5

I have a CentOS 5 instance running on Amazon EC2. The normal CPU usage hovers around 10-20%. About 4 times in the past week, however, CPU usage has suddenly shot up to 100% and just stayed at a constant 100% until rebooting the instance.

I'm sure this is a bug or a misconfiguration with something on the server, but when the instance gets into this state, I can't log in via SSH to do any investigating. Unfortunately, Amazon doesn't provide a way for you to access the instance via a console.

So, I guess my question is -- is there a way to configure the machine such that in any 100% CPU situation, we give priority to SSH to allow root to log in and investigate?

Or at least, is there any easy way to automatically kill any process/processes when this sort of situation occurs?

By the way, this is a "C1.xlarge" instance on amazon, which means it has 8 cores.
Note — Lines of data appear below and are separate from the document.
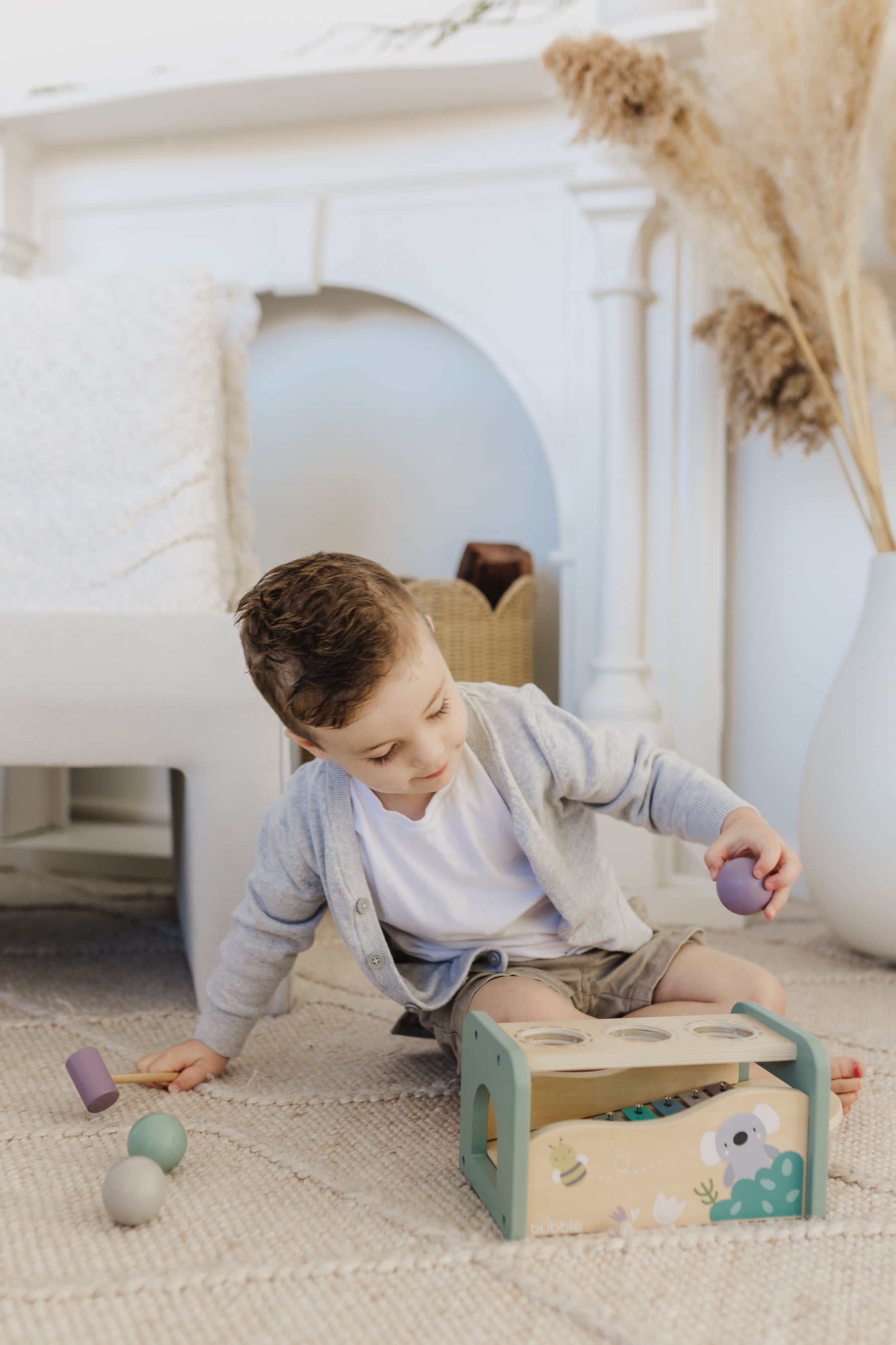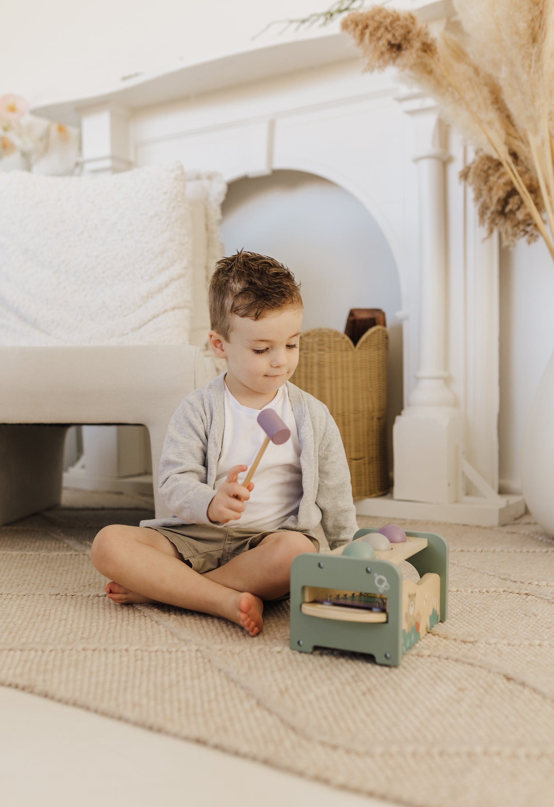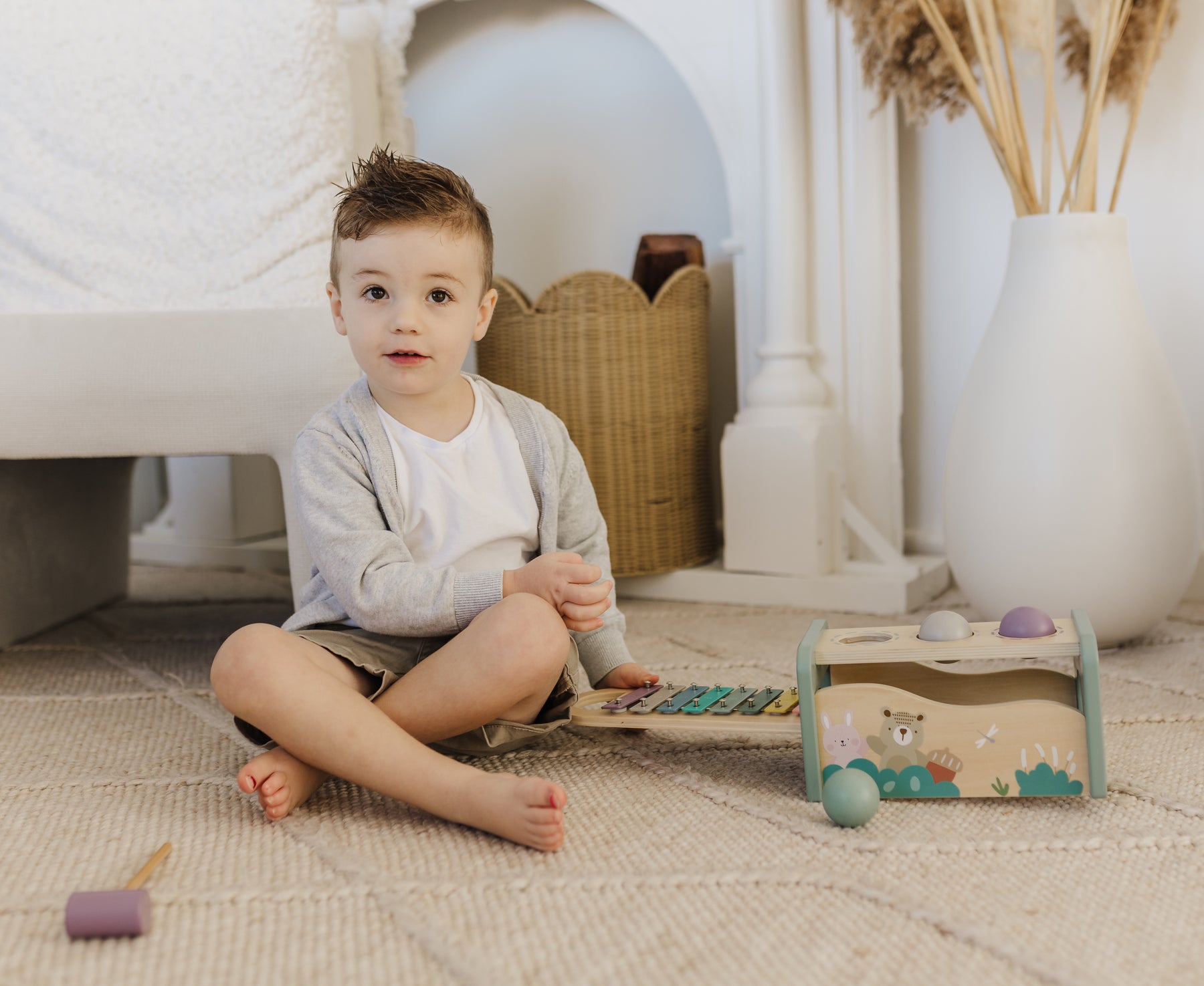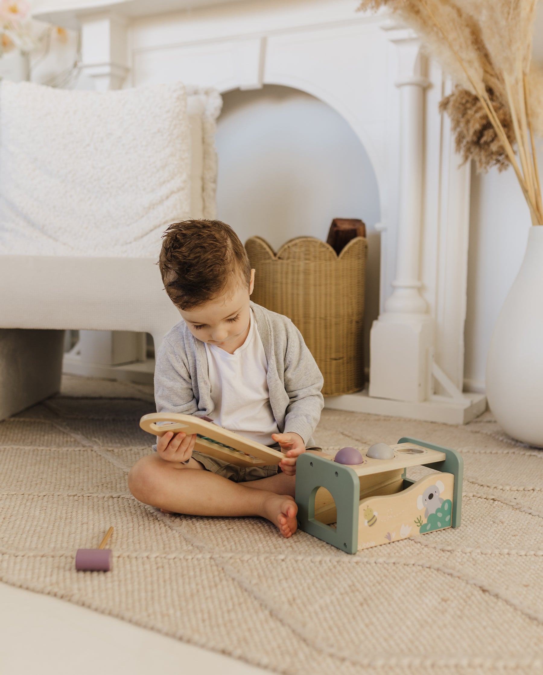 Bursting with colour and creativity, Bubble's Tap Tap Xylophone is a joyful blend of music and movement. Little ones will love tapping the wooden balls through the holes and watching them roll over the xylophone, creating cheerful notes as they go. With friendly animal illustrations and soft pastel tones, it’s as beautiful as it is engaging
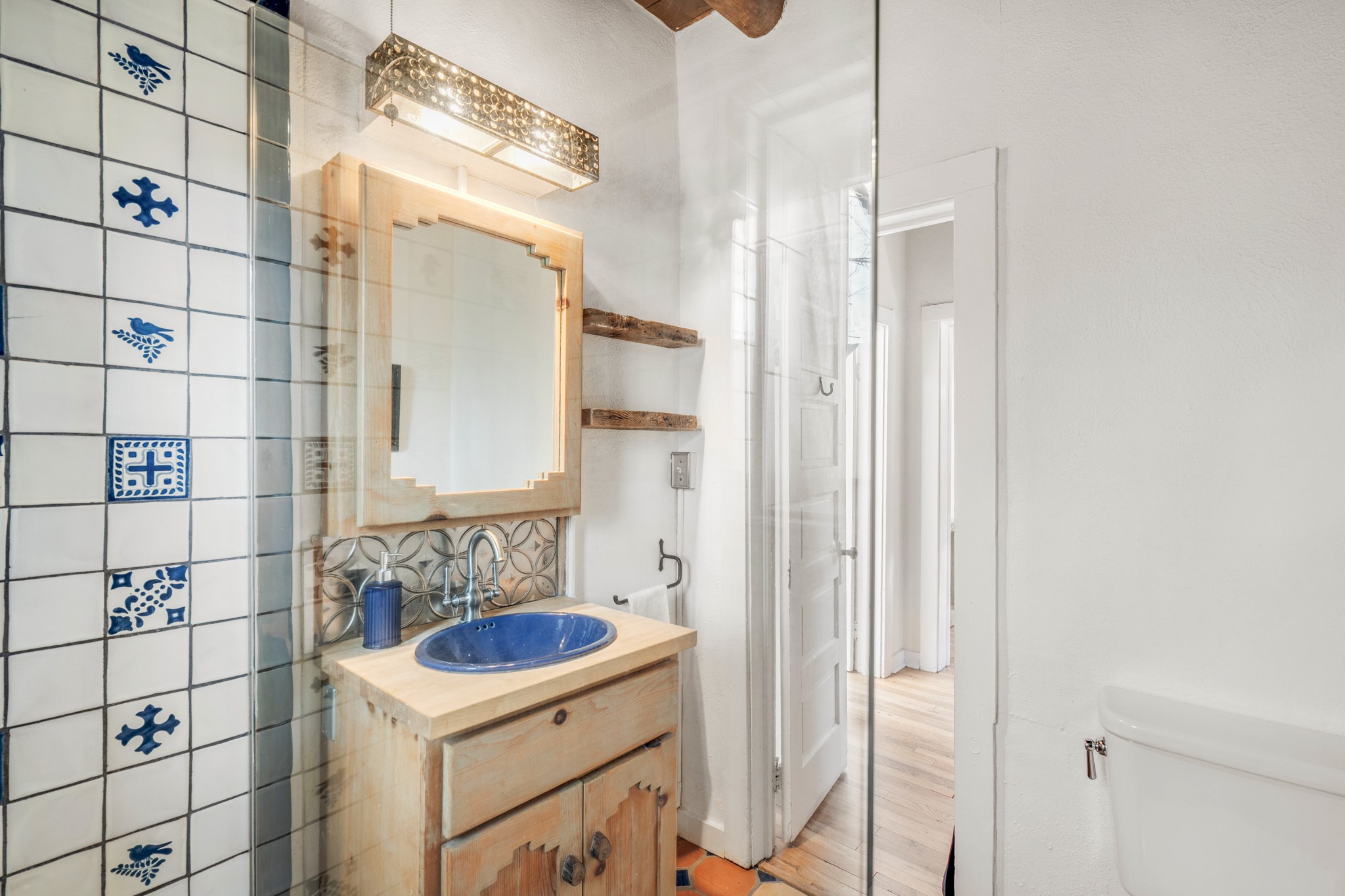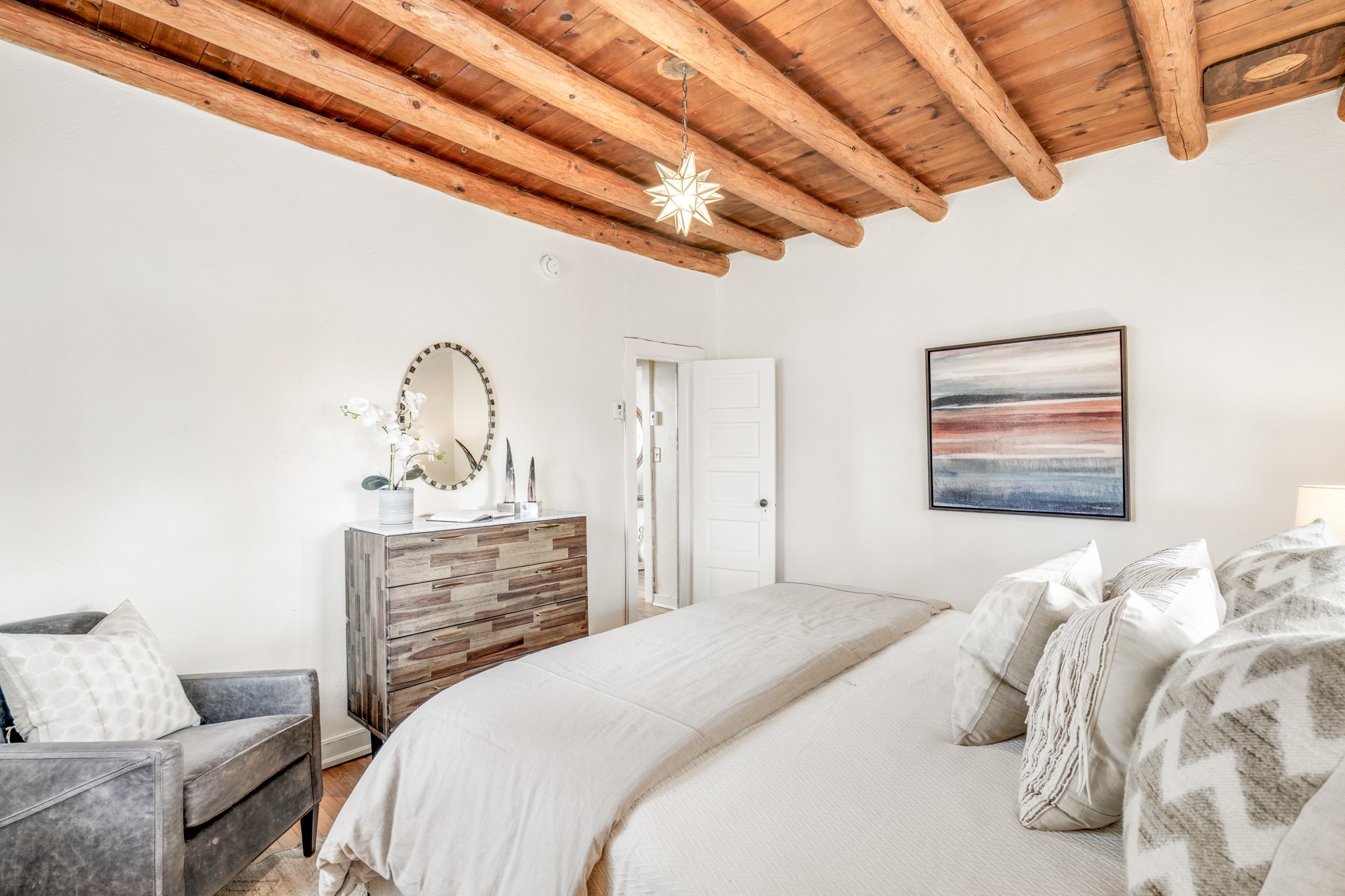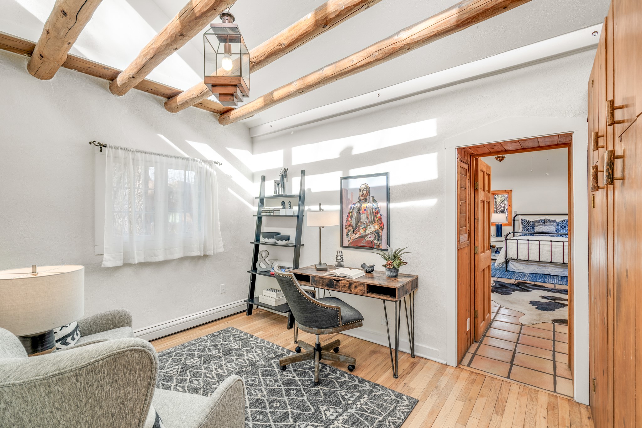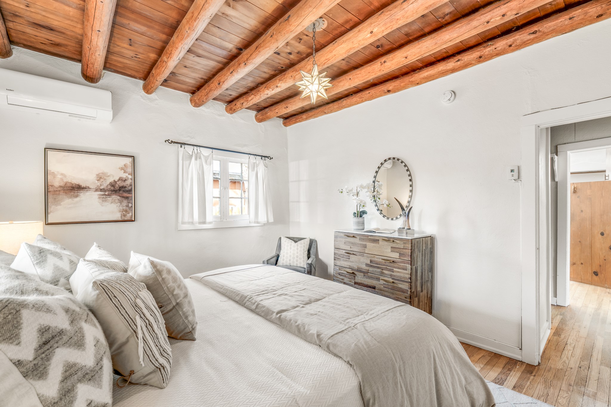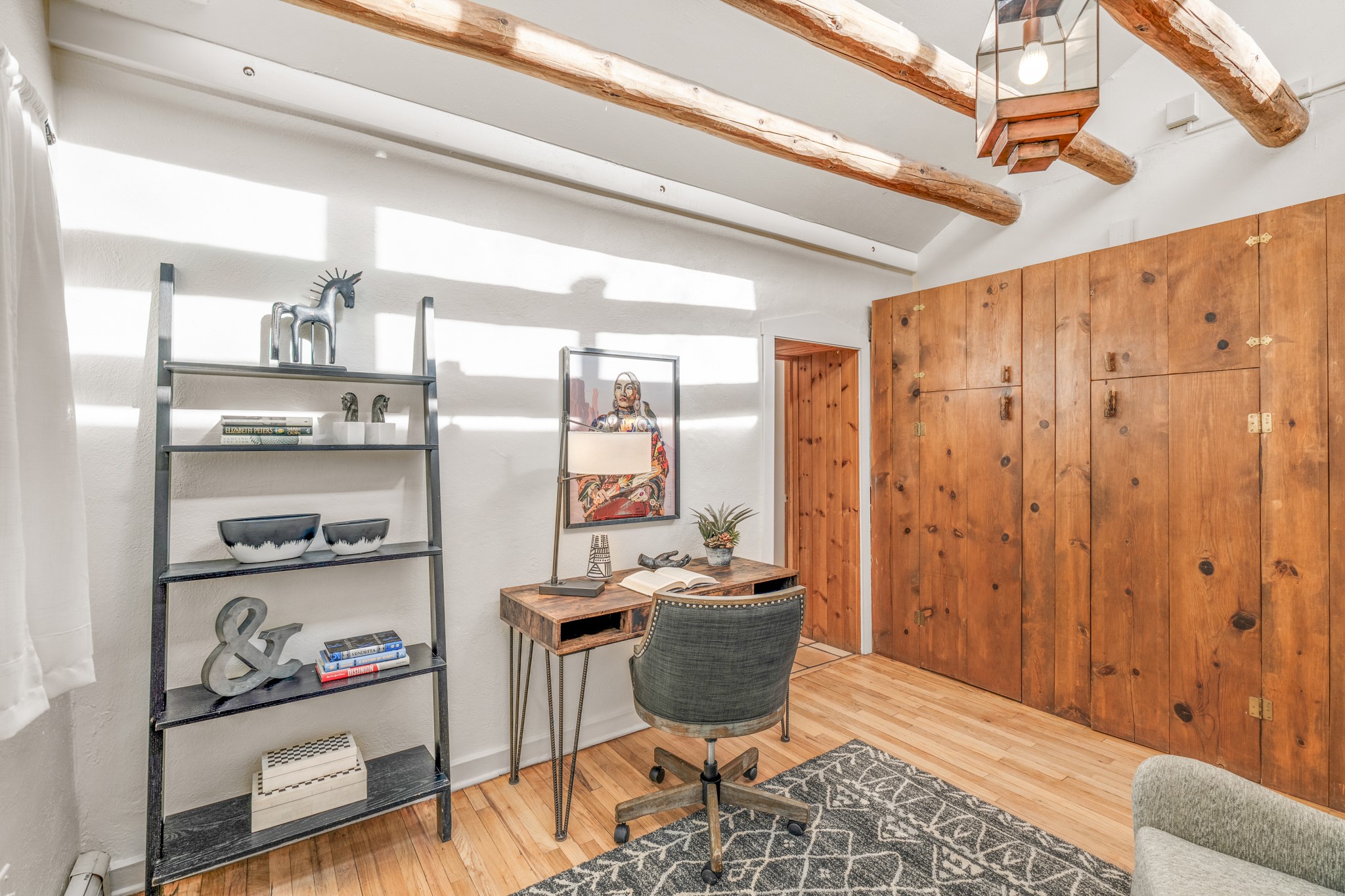 Discover authentic Santa Fe charm and exceptional walkability in this sweet downtown property, perfectly situated in the heart of the Historic District. Set on a quiet, dead-end street, this inviting home offers a rare blend of privacy, character, and proximity--just moments from Canyon Road, the Plaza, grocery, neighborhood cafs, food trucks, galleries, and everyday conveniences.A lush, fully landscaped backyard provides direct access to the treasured Acequia Madre pathway, creating a serene oasis filled with mature fruit trees, including apricot, pear, and apple, all maintained by a drip-irrigation system. Enjoy a spacious, shaded back patio ideal for relaxing or entertaining, along with a welcoming front patio perfect for morning coffee.Inside, the home features 3 bedrooms and 2 baths, with classic Santa Fe finishes throughout, including newly refinished hardwood floors, divided-light windows, vigas and beams, adobe walls, and a cozy kiva fireplace. The updated kitchen offers granite countertops, new cabinetry, and newer appliances, and the primary bathroom has been tastefully remodeled. A rear addition includes a loft-style bedroom that opens directly to the backyard, creating a flexible and airy retreat.Recent improvements include fresh interior paint, a new roof with a transferable warranty, new stucco, and new mini-splits for year-round comfort. Light, bright, and thoughtfully maintained, this home captures the essence of Santa Fe living.Cozy, comfortable, and move-in ready--make this charming downtown retreat yours today.
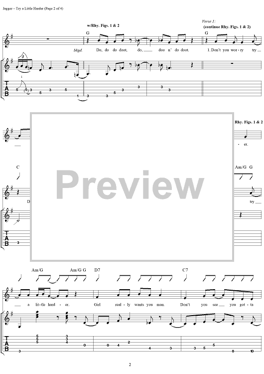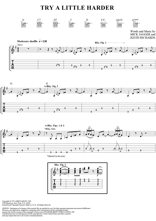 Digital Sheet Music for Try a Little Harder by Keith Richards, The Rolling Stones, Mick Jagger scored for Guitar Tab/Vocal; id:316267
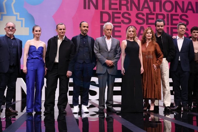 Olivier Claverie, Lily Dupont, Xavier Brossard, Assaad Bouab, Michael Douglas, Ludivine Sagnier, Florence Darel, Daniel Mays, Thibault de Montalembert, Noah Jupe (casting de la série "Franklin") - Cérémonie de clôture de la saison 7 du festival "Canneseries" à Cannes, avant la projection de la série "Franklin". Le 10 avril 2024 © Denis Guignebourg / Bestimage Closing ceremony and global premiere of "Franklin" during CANNESERIES at Palais des Festivals in Cannes. On April 10, 2024
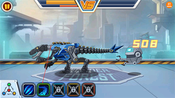 1、操控机械恐龙进入对战场景,准备与敌方机器人展开战斗。

Also if it helps, the machine is set up as a web server running Plesk. And don't tell me that Plesk can't be run within EC2, because I've been doing it just fine for months ... until recently. The machine is already running PLesk's version of monit, so I'd rather not set up a second monit.

4 Answers4

1

You could try modifying the sshd init script to start it up with a nice value of -5 or -10. That'll change the value for all SSH logins, which may be fine for you.

MikeyB
  • 39,291
  • 10
  • 105
  • 189
0

I know of no way to handle ssh logins in a special way in this cases, but you should check your cronjobs and logfiles. Especially the syslog, which should record any cronjob started and see if that is somehow related to your issue. Then you should be able to identify the cause of your problem. May its even a kernel bug, that could be also recorded in the syslog.

tex
  • 889
  • 1
  • 9
  • 19
0

An easy thing to do would be to log the CPU usage of all processes. Something like this:

top -l 0 > top.log 2>&1 < /dev/null &

This will continually log the output of top to top.log. The redirections are there because sometimes I've noticed problems with backgrounded jobs started in SSH sessions that do not have STDOUT, STDERR, and STDIN all tied to something.

Anyway, after your next reboot, you could just read the bottom of that log and see what processes are hammering the CPU.

The above will produce quite a lot of output. You could instead make it write out once every 5 seconds like this:

top -l 0 -s 5 > top.log 2>&1 < /dev/null &
molecularbear
  • 348
  • 1
  • 3
  • 9
0

feels like there's a fork bomb somewhere exhausting the PID space. Linux reservers some processes/use of memory for root, but that would require

  • manually logging in from console as root
  • kill -STOP the misbehaving process (if kill -9 some other process will re-fork and occupy the slot)

since you can't log-in, I suggest setting ulimits to memory use, number of open files and so forth.

lorenzog
  • 2,799
  • 3
  • 20
  • 24